There was a change in timetabling and the group tutorials were moved to an earlier timeslot, right after a lecture, I had one less reason to attend that class now, so I forced myself there today, I convinced myself that there probably would not be any real group work, like some other classes it was going to just be the tutor standing in front of the class and going through the question while no one answered his pleas for contribution from the rest of the class.

I am last to the class, just in case there is group work I situate myself near a small, slightly isolated, group of individuals. Class begins and unfortunately we are asked to get into groups, I prod the vile beta orbiter with my pen and ask I can sneak into his group, he is the only other male in the class, it was the default option. He did not look very enthusiastic, don’t remember what he said either but he couldn’t refuse.

I was astonished to see that he successfully recruited the Polish girl into our group, although given her seating choice it seems as is if she had always intended to join his group, it is insane, I know she is on fine terms with the other girls in the class, she sits and talks with them often enough. Regardless of why she made the choice, she was in and she was looking good, was able to look at her face longer and closer up today and I was wrong before when I accused her of having bad skin. The other two members of the group were white Muslim girls, I do not find either attractive, one is overweight, she is being orbited most heavily by the aforementioned beta.

Group work began and the two Muslim girls and the orbiter were very excitable, they were making  a lot bad little jokes and laughing hysterically, working very slowly I found it annoying and made it known to some extent by looking away and enforcing a displeased look onto my face. I am curious as to how the Polish girl felt regarding all this, she did not say much to contribute to the laughter but I did hear her giggle a few times, nowhere near as often as the beta and the planet though. I worry my disinterest gave her a negative opinion of myself.

She had not done enough of the reading or prepared an answer, most of the group it seems had not done as much as I, the majority of the rest of the class is made up of slags so I doubt the reason for joining this group was because of a better chance of learning something.

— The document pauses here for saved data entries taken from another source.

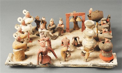 1969年,彩绘乐舞杂技陶俑出土于济南无影山汉墓,是一件随葬明器,重现了2000多年前流行的“百戏”表演精彩场面。此器中有21个陶俑,分别为7名乐工、7名观赏者、7名表演者,它们被固定在一个长67厘米、宽47.5厘米的陶盘上。陶盘两侧的观者宽衣深服、冠履整齐,显然是社会上层人物。右侧3人面前置有2只酒樽,象征着宴饮。陶盘后侧一排乐工,有的击鼓,有的敲钟,有的击磬,有的弹瑟,有的吹笙。身着花衣的2名女子挥动长袖,翩翩起舞。头戴尖顶小帽的4名男子正在表演杂技。还有1人身穿红袍,双臂张开,手中别无所持,似乎是歌唱者,它是陶盘中唯一一个身体可以自由转动的陶俑。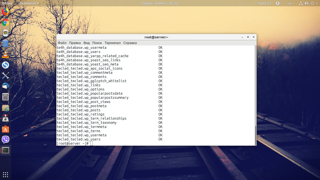 Ошибок не будет и сервис запуститься. Нам остается только исправить таблицы. Для этого можно воспользоваться инструментом mysqlcheck: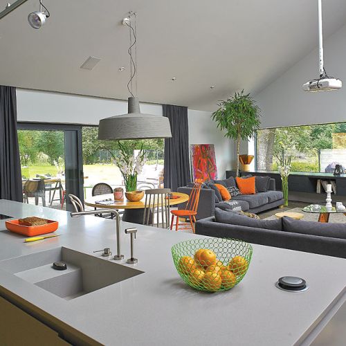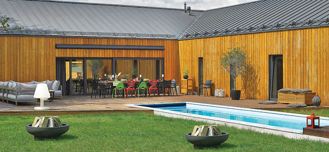 Zaczęli obdzwaniać architektów, ale wszyscy odsyłali ich z kwitkiem. Wtedy Kasia przypomniała sobie o koledze z liceum. Odszukała go – Łukasz Przybyłowicz nie odmówił. Przeglądając kiedyś album o ikonach współczesnej architektury, zachwyciła się modernistyczną kaplicą w Valleaceron w Hiszpanii; chciała, żeby jej dom ją przypominał. Parterowy budynek, ale wysoki na dwie kondygnacje powstał na planie krzyża. Ruda elewacja z modrzewia syberyjskiego spowodowała, że zlewa się z przyrodą. Przez gigantyczne tafle szkła zieleń przenika do domu.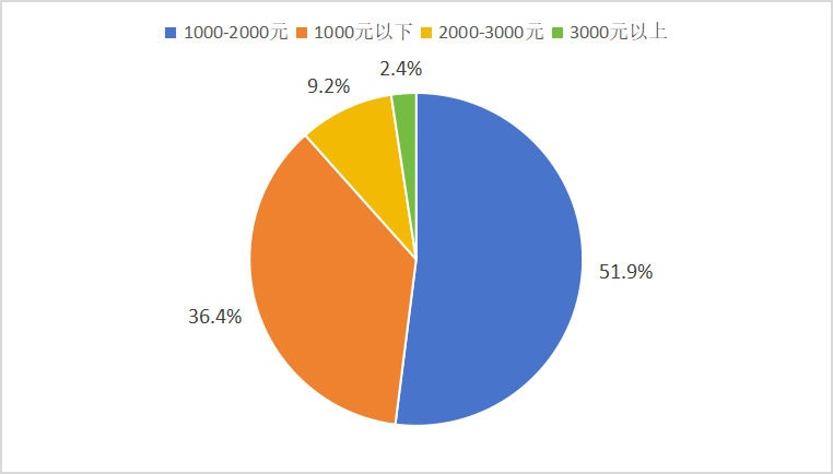 51.9%养老机构餐饮费用在为1000-2000元/月之间;其次是1000元/月以下,占比为36.4%。消费者对餐饮费价格的总体评价较满意,评价8分以上的占比为94.3%。

The work was discussion based, the Polish girl at one point, looked to me and asked “Do you know anything?”, if sounds aggressive but English is not her first language, she must have been trying to encourage me to talk, this was at the start of the tutorial though. After that I did pipe up a few times, it was difficult to get the timing right, mostly I had to be prompted. I think at one time I must have just had my mouth wide open because the slim Muslim girl asked me if I wanted to say something, I believe she did most of the prodding. I also found it difficult to find my words and so the others would finish my sentences. I tried to impress the Polish girl with my knowledge but it was not really there, I think I somehow contributed half of the meaningful statement we got down on paper. She is probably aware that I am not very intelligent.

I was asked to clarify something by the slim Muslim girl, I said I was doubting myself know that she was pressing me, she told me not to. I think she was hot for me. I had shaved my neckbeard today, that might be why.

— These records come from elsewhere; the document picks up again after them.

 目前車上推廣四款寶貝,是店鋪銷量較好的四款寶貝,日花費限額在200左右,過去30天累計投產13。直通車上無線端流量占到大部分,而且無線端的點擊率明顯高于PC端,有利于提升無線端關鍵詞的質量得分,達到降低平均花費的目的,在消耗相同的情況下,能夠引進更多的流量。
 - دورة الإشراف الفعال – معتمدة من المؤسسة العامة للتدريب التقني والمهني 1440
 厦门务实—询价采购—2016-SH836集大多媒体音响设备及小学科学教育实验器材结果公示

Class was over, I left to the bathroom, leaving I saw the four of them in a group, chatting away, the orbiter and the Polish girl got on the bus together, he made her laugh, sitting to far away to know what was being said, it enrages me knowing someone with his disadvantages can get what I want but a superior being, physically speaking, such as myself cannot.

A few other things I learned.

  • Polish girl has a palates and/or Yoga class today and around 9pm, a girl in excellent shape like herself doing fancy, vaguely sexual stuff does not surprise me
  • Polish girl knows the slim Muslim girls brother somehow, the girls are all local, I wonder if they know each other after hours?

It was uncomfortable working in the group, I avoided eye contact but I am looking forward to the next class since a bit of pain is worth getting to spend time with her.

Also noted another girl I like was wearing tights again, along with a short skirt, unfortunately did not get a good look at her.

Over the last few days I had been fantasising that the Polish girl would approach me outside of a lecture and ask why I had not been attending the group tutorials, she would guess that I had no friends and then she would offer to let me join her group, things did not work out that way but in the long term the results may be similar.

2 thoughts on ““Do you know anything?”

    • I can see it, that self awareness is what makes us infinitely different.

      Feeling angry when you see those you perceive to be inferior having more than you is a normal reaction, I think, I could not imagine feeling any other way about such a situation.